U.S. industrial production shrank last month by the most since March 2009, Fed figures showed Sept. 14. Manufacturing shrank for a third month in August, the longest decline since the recession ended in 2009, a report from the Tempe, Arizona-based Institute for Supply Management showed Sept. 4.
China’s industrial output in August grew at the slowest pace in three years, the National Bureau of Statistics said Sept. 9, and imports unexpectedly fell, the customs bureau said the next day. The country is the world’s biggest consumer of metals and energy. The U.S., the biggest economy, is the top user of corn and crude oil.
The Fed “may be able to change the course of the Titanic by a little bit, but it can’t keep it from hitting the iceberg,” Dailey said. “The hope is that we not only get inflation, but that the policies will actually work in helping the economy. But the data continues to disappoint. It’s not clear how this policy would lead to better jobs numbers.”
Investors added $1.77 billion to raw-material funds in the week ended Sept. 12, the most in 32 weeks, according to EPFR Global. Precious metals accounted for $924 million of the inflows, the Cambridge, Massachusetts-based company said.
The S&P GSCI has jumped 25 percent since reaching this year’s low on June 22, driving the gauge into a bull market in the fastest turnaround since the depths of the financial crisis four years ago. The measure surged 92 percent from the end of 2008 through June 2011 as the Fed bought $2.3 trillion of debt in the first two rounds of quantitative easing and held borrowing costs at a record low.
Copper investors were the most bullish since early April, the CFTC data showed. Prices reached a four-month high on Sept. 14 in New York as the stimulus plans boosted demand prospects. Refined production of the metal fell short of consumption by 241,000 metric tons last year, the International Copper Study Group said last week. Supplies will also trail demand this year and next, Barclays Plc said in a report Sept. 12.
Gold bets jumped 14 percent to 165,724 contracts. Prices in New York, which climbed to a six-month high of $1,780.20 an ounce on Sept. 14, closed at $1,770.60 on the Comex today. Crude-oil holdings rose for a fourth straight week to 203,324 contracts, the longest increase since February. Futures rose above $100 a barrel last week for the first time since May.

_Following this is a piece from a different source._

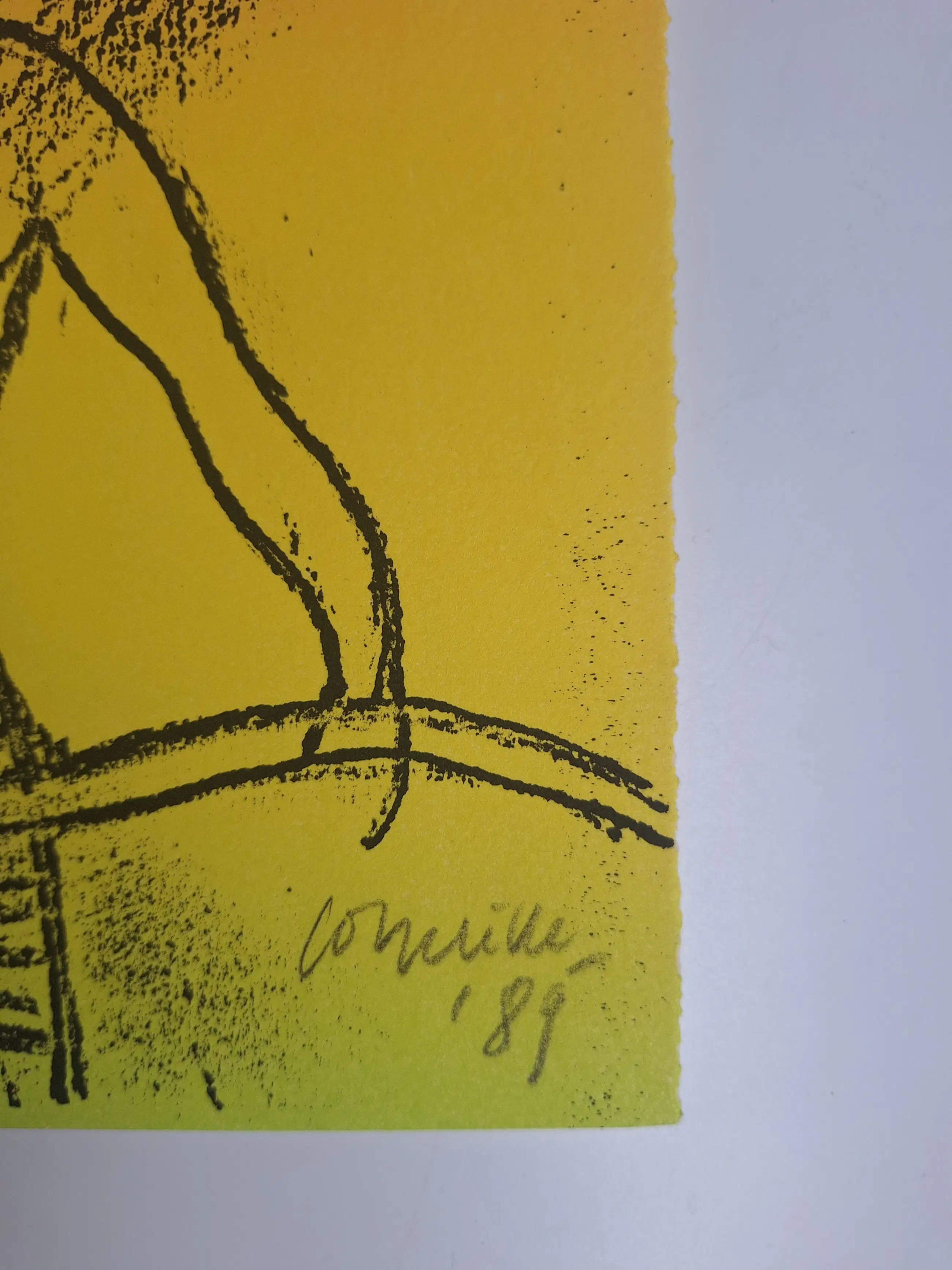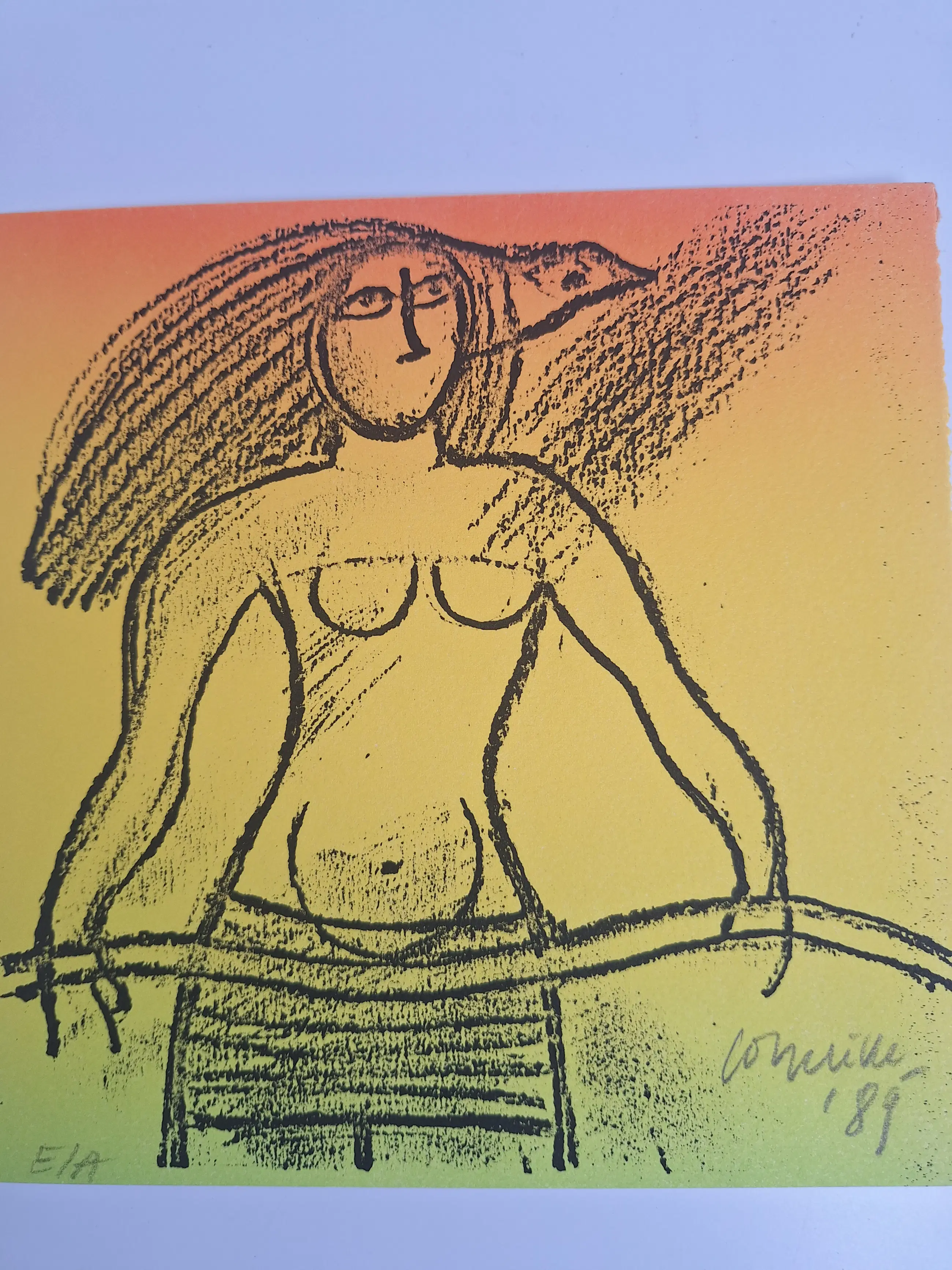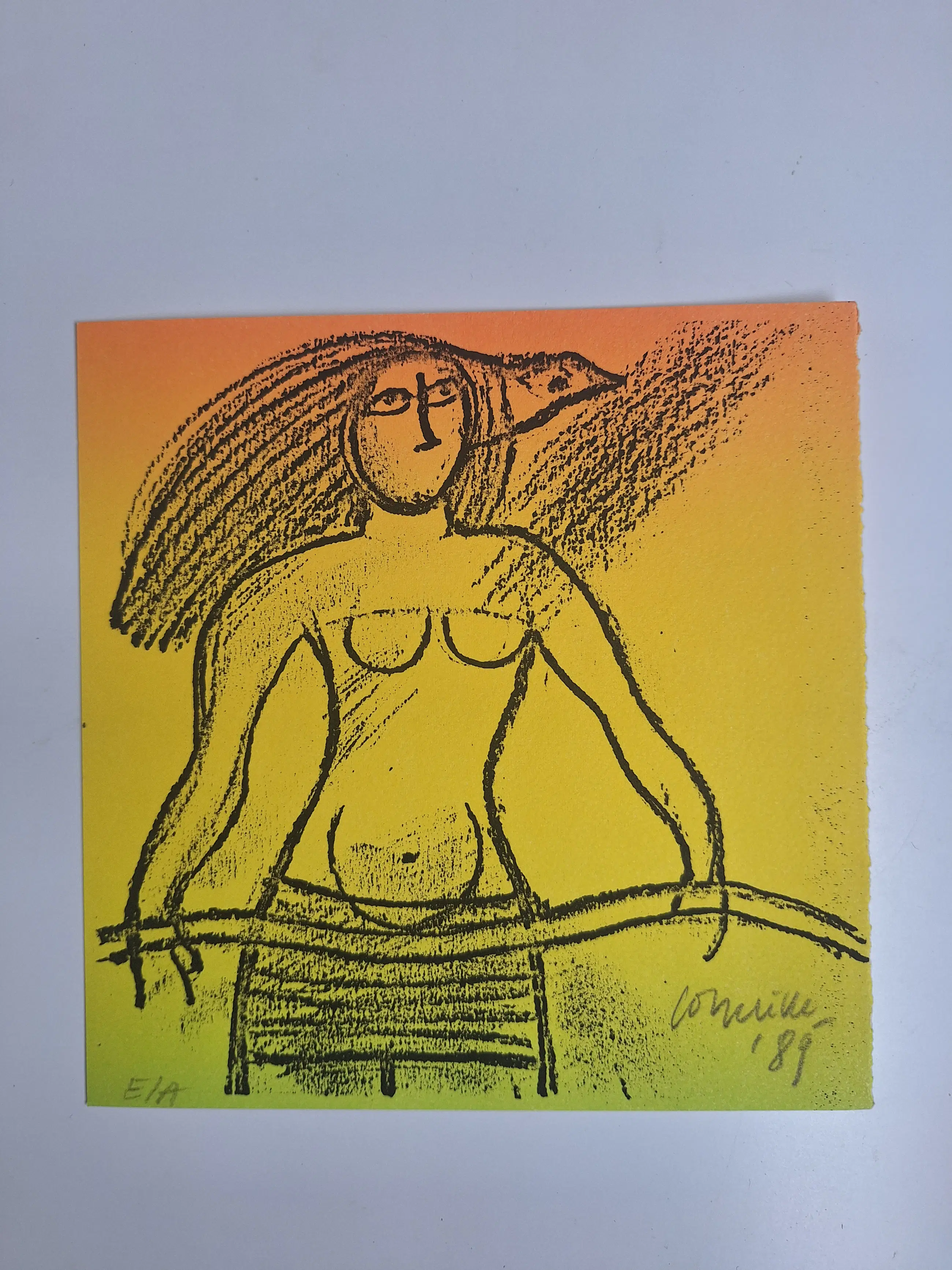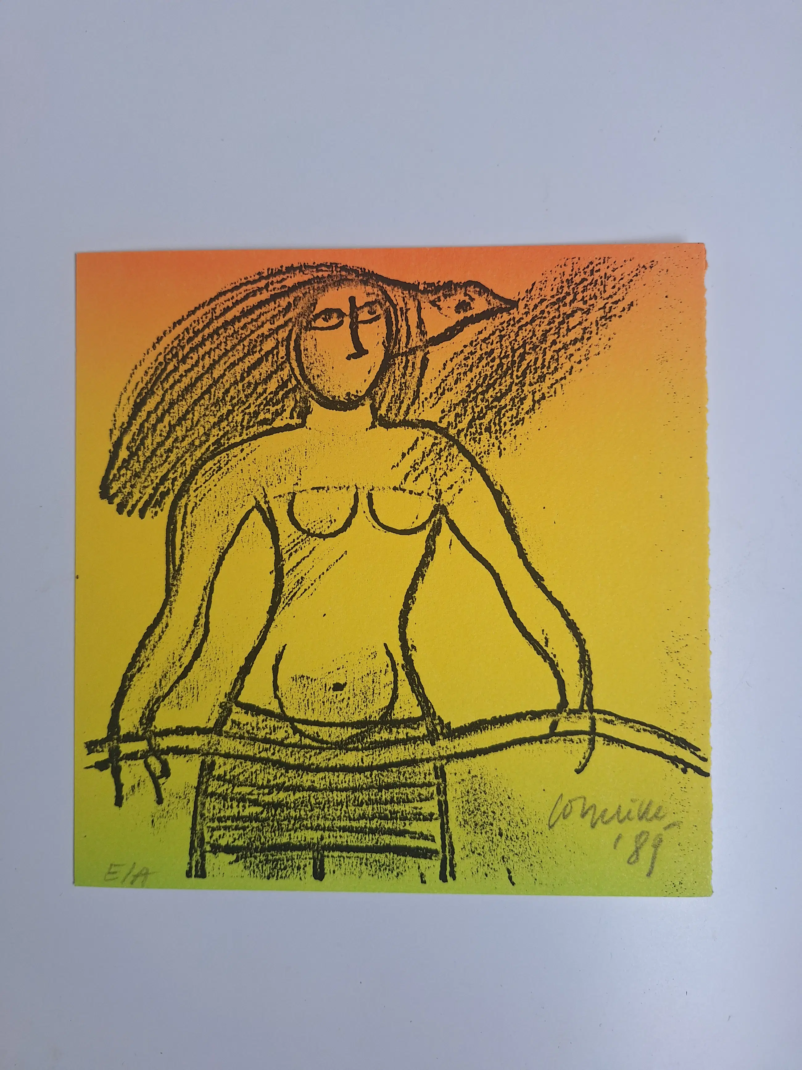 Prachtige zeefdruk van kunstenaar Corneille. Het betreft het stuk maagd uit de sterrenbeelden serie uit 1989. Het stuk is handgesigneerd en E.A. (proefdruk van de kunstenaar zelf.) 20 x 19,5 cm In goede staat

Platinum wagers climbed 11 percent to 24,205 contracts, the highest since May 2011. Futures rose for 10 straight sessions in New York before falling today. South African workers at a Lonmin Plc mine and nearby operations of Anglo American Platinum Ltd., the biggest producer, are holding protests over pay.
“The Fed statement does change things,” said Jack Ablin, who helps oversee about $60 billion of assets as chief investment officer of BMO Private Bank in Chicago. “It really shows the Fed’s unwavering desire to inflate asset prices, and commodities will certainly be part of that.”